From THE HINDU group of publications
Thursday, December 27, 2001


The scourge of recession

Harish Bijoor

Prostitute! Taliban! B*****d! Taliban again! Recession! All bad words. They are politically incorrect in this highly sensitised world today! But all truisms that exist dominantly in our social and economic lives! They are realities that thrive and rub shoulders with each one of us in their own unique and necessary ways.

The US has been busy in the last eight months trying hard to refuse the reality of recession around, taking refuge in the definition issues of a recession in the mother of all consumer markets! Thankfully there are loads of different definitive indicators that point the way to the dirty R word. The world recognises a recession in one of many ways. A worrisome period of two consecutive quarters of negative GDP! A sluggish level of industrial production output, a slack in retail sales, a distinct lull in the employment and business performance index of corporates!

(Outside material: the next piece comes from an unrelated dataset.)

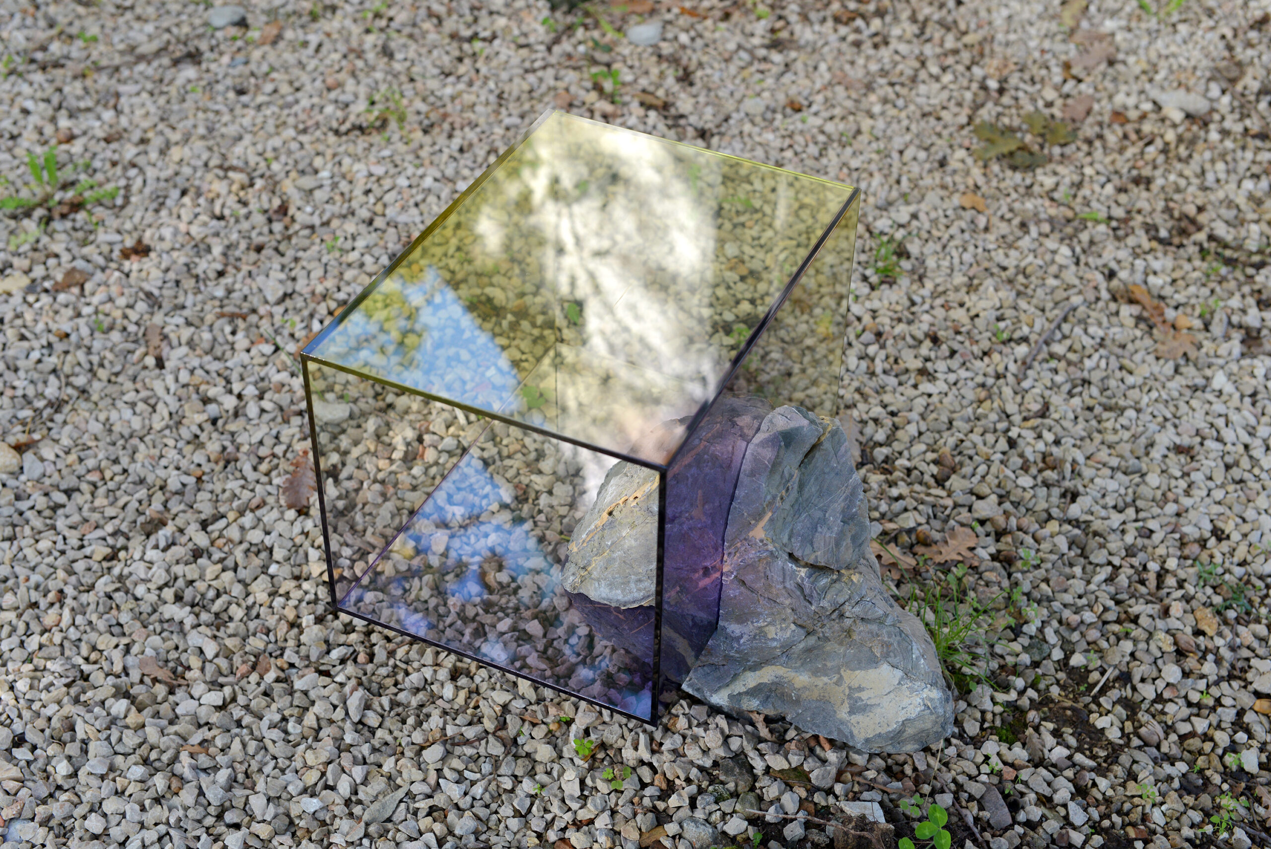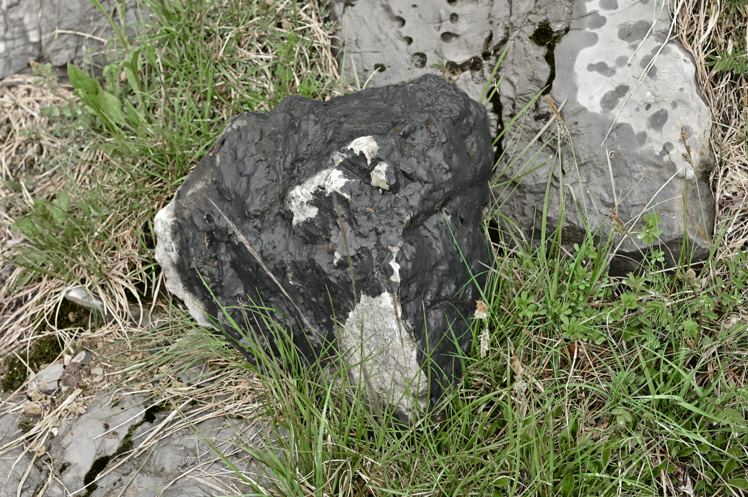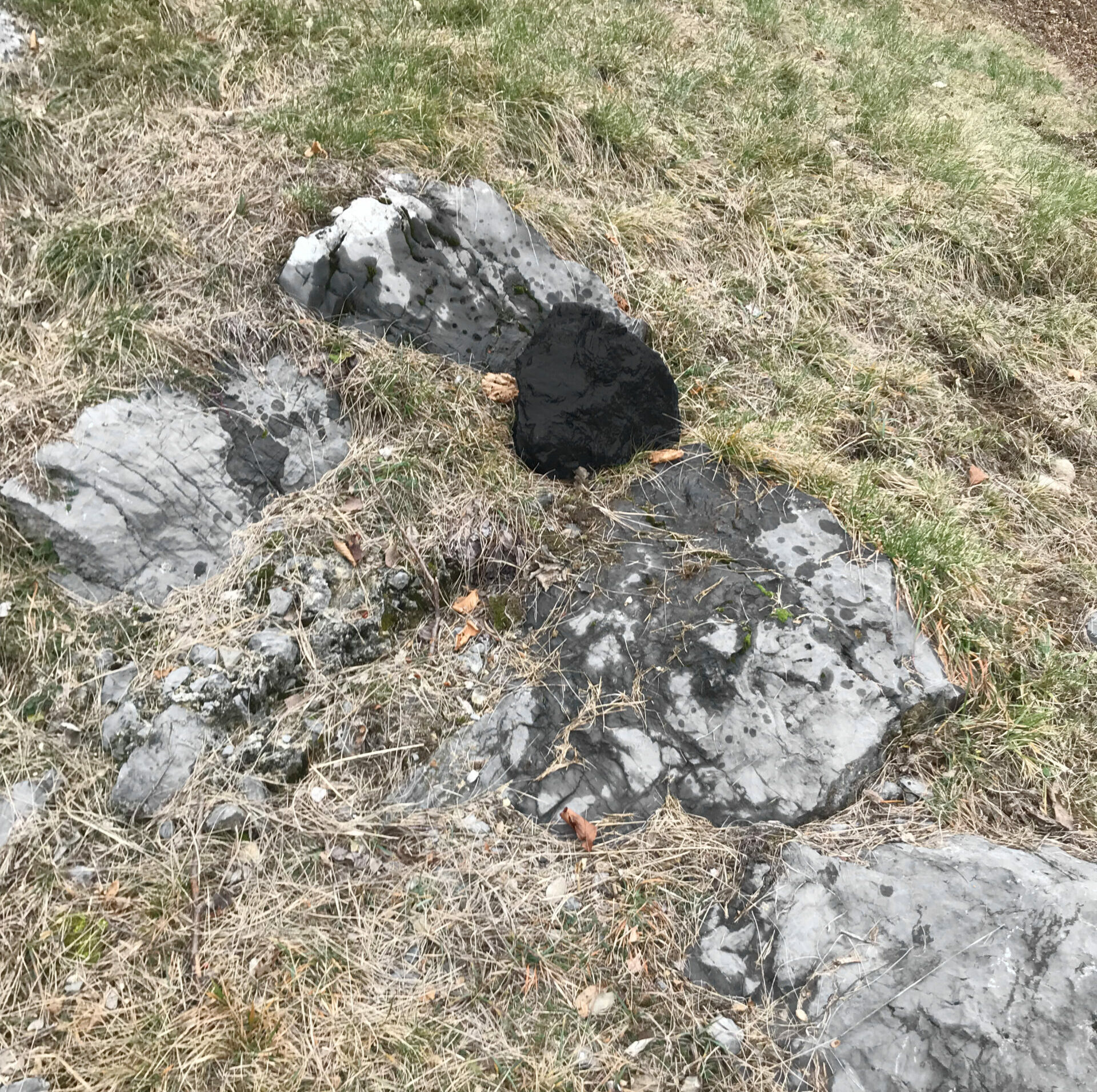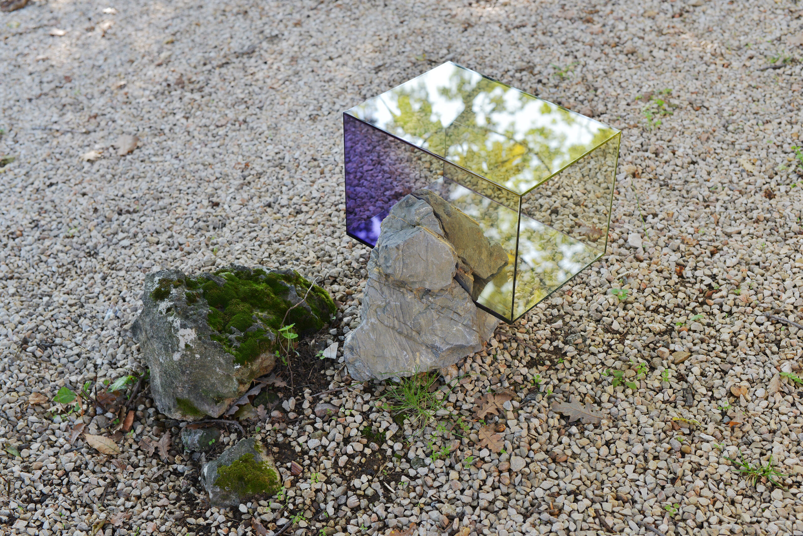 A stone was taken from the mountain and painted with a special matt black colour, ‘flattening’ its appearance as much as possible. The stone thus became a contour or a shape seen from afar, losing its spatiality. Then the stone was brought back to the place where it was originally found and left there in the wild. In the following months, the stone started peeling off, revealing its original nature and losing the black coating.

And the qualitative definition of a recession can go on and on! The US of A has finally acknowledged that it has a recession in its markets! And when the mother of all consumer markets sneezes, the rest of the world catches a bad case of pneumonia. In this case, it is a case of recession rheumatism as well! Lets remember, the word R is a contagious disease, which affects every related market-economy. How then does a market react? What typically does happen? And what is the one big trend around in these tough times?

While reactions in different consumer markets vary in relation to the intensity of the contagion, recession marketing is largely a game that has been practised worldwide in predictable cycles. The best way to really look at it is to look around in the great Indian market place, peek in to see trends of how we are handling it in our contemporary lives. Lets look around.

The good news first! India is certainly less hit than its other neighbours in South East Asia. All due to the dubious distinction of it being that much less connected to the epicentre of this new wave of recession, the United States! Lets remember, India exports just about 10 per cent of its GDP compared to more robust numbers (upwards of 40 per cent) of countries such as Taiwan for one! All the same, lets take a peek-a-boo!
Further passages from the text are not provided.